-- PROBLEM STATEMENT --
Pictures excluded, reproduce exactly the lines below from the one with "Aplikasi Pelajari Kursus" through the one with "Als je Community", both included.

-- MATERIAL FOR THIS EXERCISE --

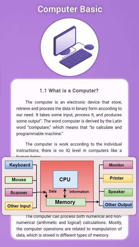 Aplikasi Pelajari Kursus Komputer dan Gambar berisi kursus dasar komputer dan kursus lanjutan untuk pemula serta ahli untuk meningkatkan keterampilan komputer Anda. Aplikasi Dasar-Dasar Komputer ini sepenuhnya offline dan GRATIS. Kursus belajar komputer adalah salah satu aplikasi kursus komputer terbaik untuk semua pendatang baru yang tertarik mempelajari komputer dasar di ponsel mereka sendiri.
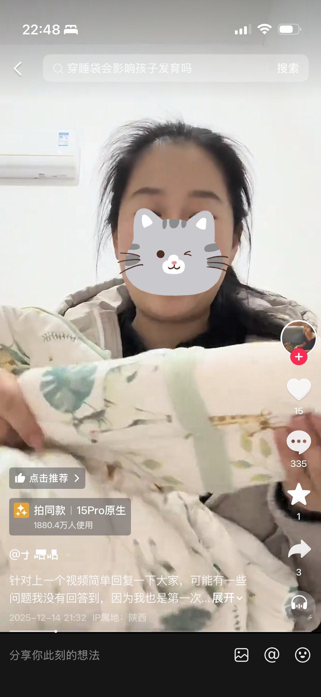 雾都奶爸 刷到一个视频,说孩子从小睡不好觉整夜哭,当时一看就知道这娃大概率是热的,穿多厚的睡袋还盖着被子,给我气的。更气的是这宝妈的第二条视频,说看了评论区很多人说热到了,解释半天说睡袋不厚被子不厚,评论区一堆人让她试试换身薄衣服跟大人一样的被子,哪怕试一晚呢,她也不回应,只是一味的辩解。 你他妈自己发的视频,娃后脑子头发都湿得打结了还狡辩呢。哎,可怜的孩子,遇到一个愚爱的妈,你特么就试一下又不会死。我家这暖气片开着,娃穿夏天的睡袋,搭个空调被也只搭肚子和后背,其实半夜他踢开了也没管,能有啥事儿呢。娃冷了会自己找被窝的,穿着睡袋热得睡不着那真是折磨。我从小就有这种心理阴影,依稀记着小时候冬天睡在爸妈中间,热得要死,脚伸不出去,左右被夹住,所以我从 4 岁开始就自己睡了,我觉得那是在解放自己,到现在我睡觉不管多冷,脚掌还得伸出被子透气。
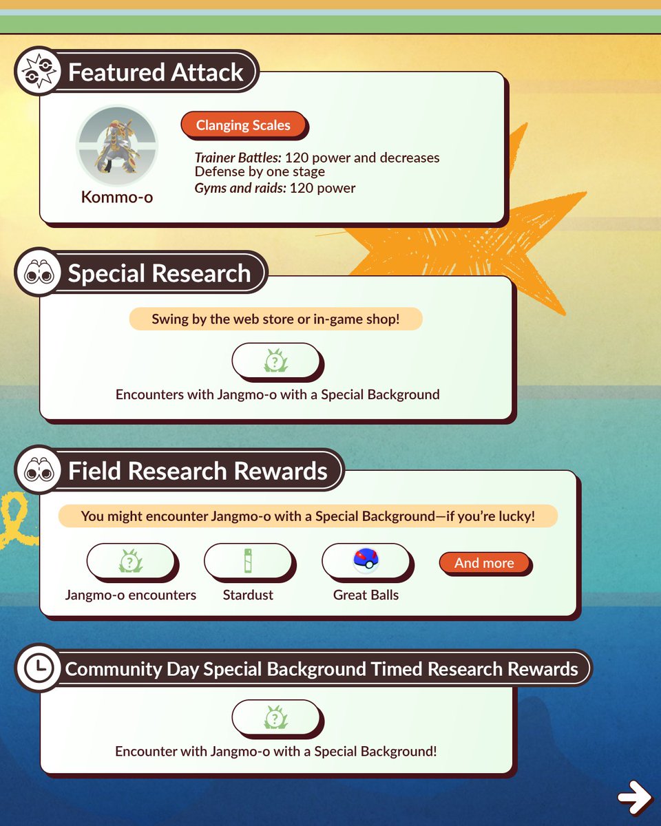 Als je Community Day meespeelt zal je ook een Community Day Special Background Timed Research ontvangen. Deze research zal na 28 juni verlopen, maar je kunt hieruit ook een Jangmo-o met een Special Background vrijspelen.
* * *
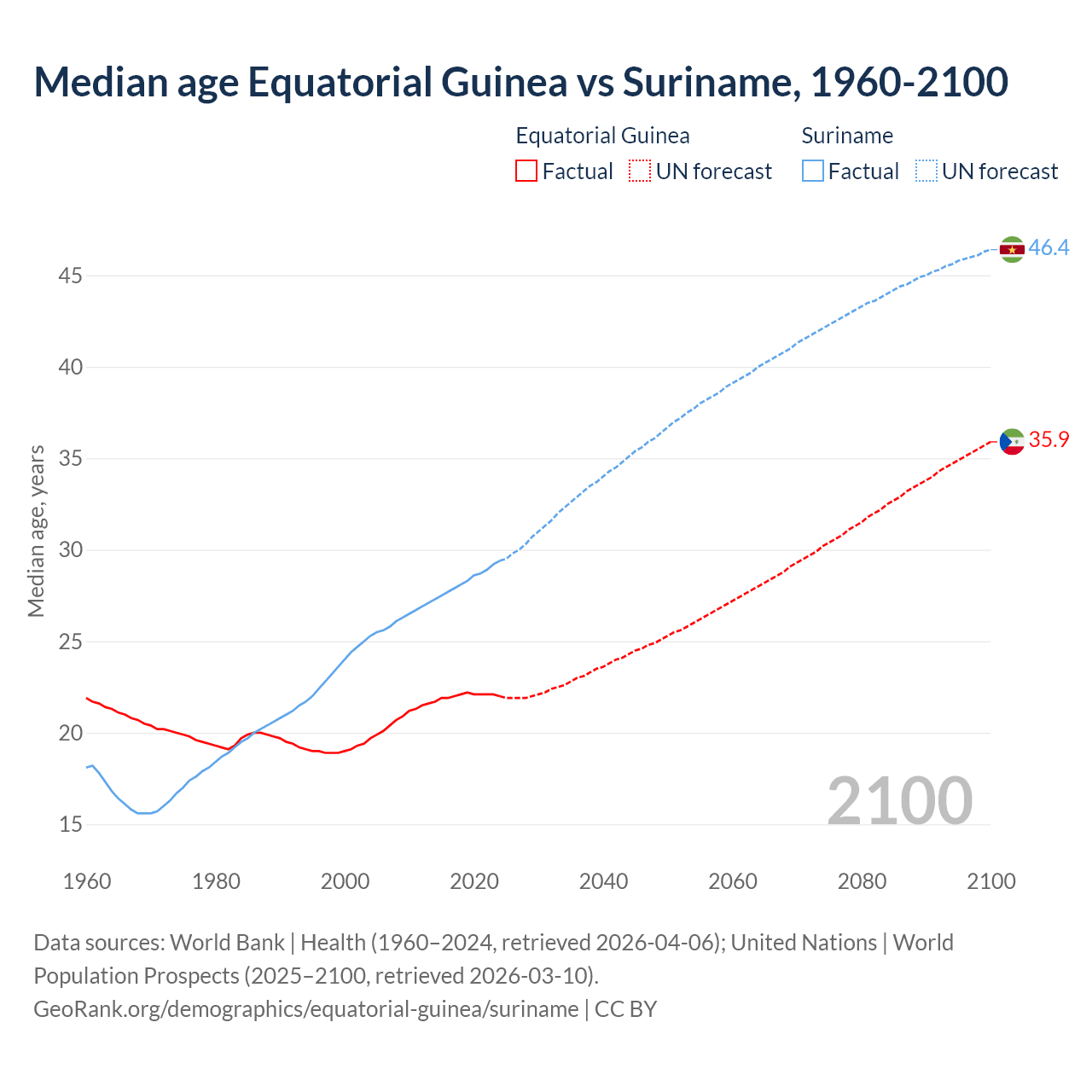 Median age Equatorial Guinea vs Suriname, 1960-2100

-- WRITTEN RESPONSE --
 Aplikasi Pelajari Kursus Komputer dan Gambar berisi kursus dasar komputer dan kursus lanjutan untuk pemula serta ahli untuk meningkatkan keterampilan komputer Anda. Aplikasi Dasar-Dasar Komputer ini sepenuhnya offline dan GRATIS. Kursus belajar komputer adalah salah satu aplikasi kursus komputer terbaik untuk semua pendatang baru yang tertarik mempelajari komputer dasar di ponsel mereka sendiri.
 雾都奶爸 刷到一个视频,说孩子从小睡不好觉整夜哭,当时一看就知道这娃大概率是热的,穿多厚的睡袋还盖着被子,给我气的。更气的是这宝妈的第二条视频,说看了评论区很多人说热到了,解释半天说睡袋不厚被子不厚,评论区一堆人让她试试换身薄衣服跟大人一样的被子,哪怕试一晚呢,她也不回应,只是一味的辩解。 你他妈自己发的视频,娃后脑子头发都湿得打结了还狡辩呢。哎,可怜的孩子,遇到一个愚爱的妈,你特么就试一下又不会死。我家这暖气片开着,娃穿夏天的睡袋,搭个空调被也只搭肚子和后背,其实半夜他踢开了也没管,能有啥事儿呢。娃冷了会自己找被窝的,穿着睡袋热得睡不着那真是折磨。我从小就有这种心理阴影,依稀记着小时候冬天睡在爸妈中间,热得要死,脚伸不出去,左右被夹住,所以我从 4 岁开始就自己睡了,我觉得那是在解放自己,到现在我睡觉不管多冷,脚掌还得伸出被子透气。
 Als je Community Day meespeelt zal je ook een Community Day Special Background Timed Research ontvangen. Deze research zal na 28 juni verlopen, maar je kunt hieruit ook een Jangmo-o met een Special Background vrijspelen.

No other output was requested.